(Stored items)
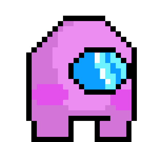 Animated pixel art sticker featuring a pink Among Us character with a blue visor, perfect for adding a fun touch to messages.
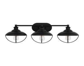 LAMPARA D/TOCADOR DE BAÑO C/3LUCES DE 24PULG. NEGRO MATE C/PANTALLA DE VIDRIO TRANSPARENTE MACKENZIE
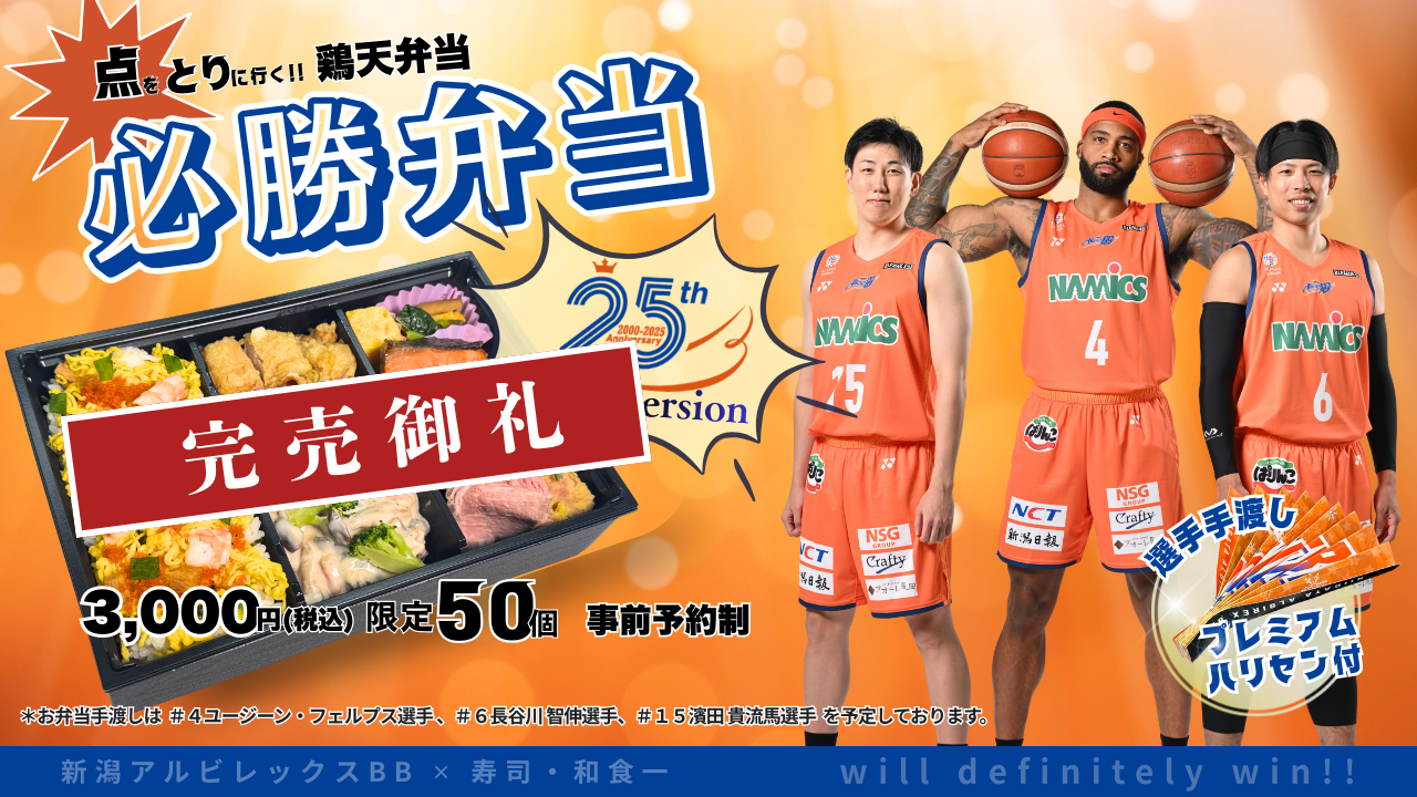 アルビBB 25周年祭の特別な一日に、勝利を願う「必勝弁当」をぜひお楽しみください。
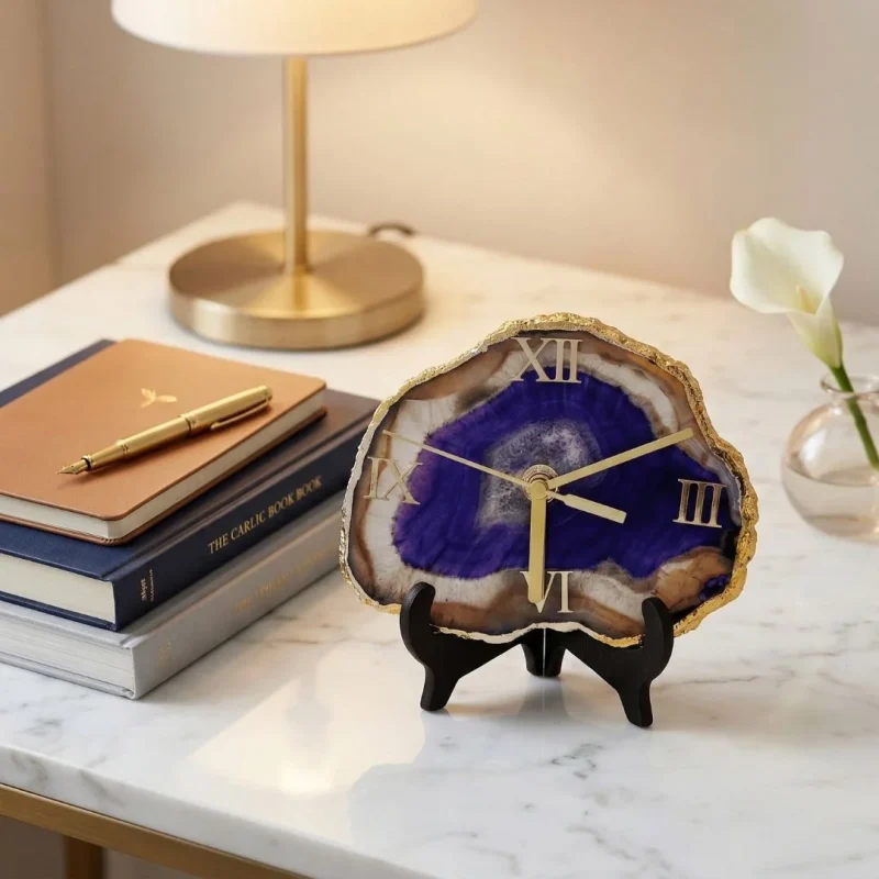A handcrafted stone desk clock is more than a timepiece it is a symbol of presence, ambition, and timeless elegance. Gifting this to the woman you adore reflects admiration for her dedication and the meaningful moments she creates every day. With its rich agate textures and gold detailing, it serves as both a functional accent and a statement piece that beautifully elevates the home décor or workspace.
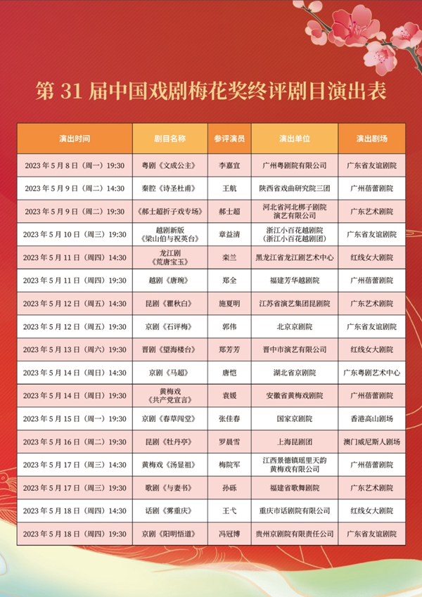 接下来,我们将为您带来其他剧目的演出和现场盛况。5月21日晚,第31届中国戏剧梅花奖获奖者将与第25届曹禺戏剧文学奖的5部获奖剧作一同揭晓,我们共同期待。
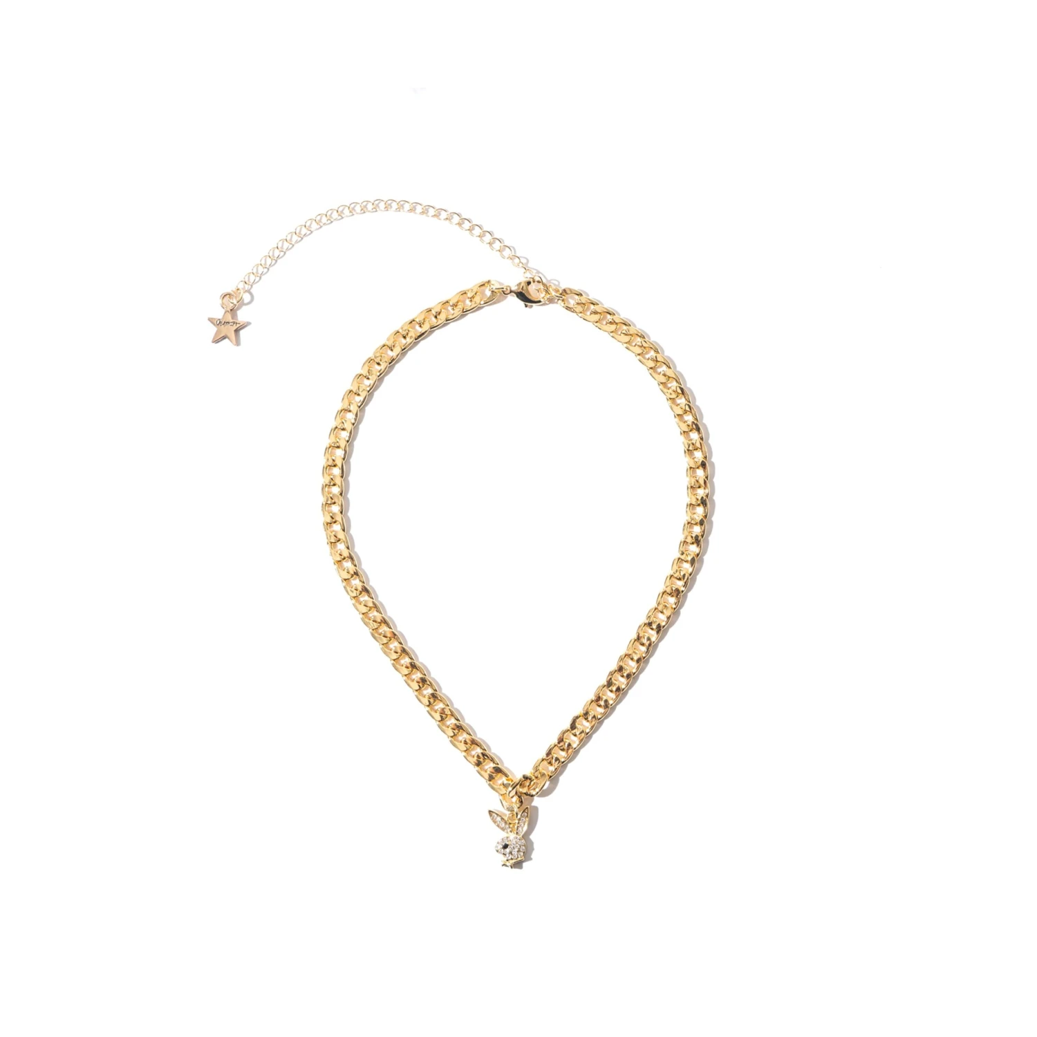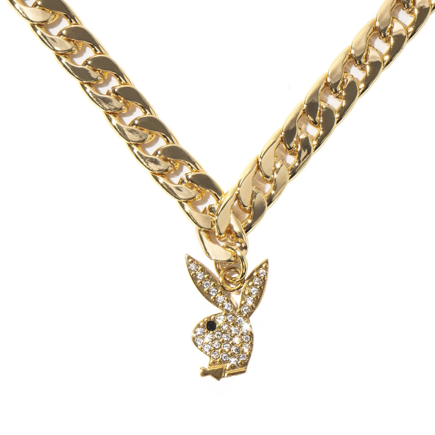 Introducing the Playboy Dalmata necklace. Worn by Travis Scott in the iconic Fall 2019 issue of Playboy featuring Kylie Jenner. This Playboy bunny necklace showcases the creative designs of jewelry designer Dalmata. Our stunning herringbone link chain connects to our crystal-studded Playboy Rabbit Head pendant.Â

[Problem to solve]: The data above should be set down again exactly, with the pictures omitted.

[Task output]:
 Animated pixel art sticker featuring a pink Among Us character with a blue visor, perfect for adding a fun touch to messages.
 LAMPARA D/TOCADOR DE BAÑO C/3LUCES DE 24PULG. NEGRO MATE C/PANTALLA DE VIDRIO TRANSPARENTE MACKENZIE
 アルビBB 25周年祭の特別な一日に、勝利を願う「必勝弁当」をぜひお楽しみください。
A handcrafted stone desk clock is more than a timepiece it is a symbol of presence, ambition, and timeless elegance. Gifting this to the woman you adore reflects admiration for her dedication and the meaningful moments she creates every day. With its rich agate textures and gold detailing, it serves as both a functional accent and a statement piece that beautifully elevates the home décor or workspace.
 接下来,我们将为您带来其他剧目的演出和现场盛况。5月21日晚,第31届中国戏剧梅花奖获奖者将与第25届曹禺戏剧文学奖的5部获奖剧作一同揭晓,我们共同期待。
 Introducing the Playboy Dalmata necklace. Worn by Travis Scott in the iconic Fall 2019 issue of Playboy featuring Kylie Jenner. This Playboy bunny necklace showcases the creative designs of jewelry designer Dalmata. Our stunning herringbone link chain connects to our crystal-studded Playboy Rabbit Head pendant.Â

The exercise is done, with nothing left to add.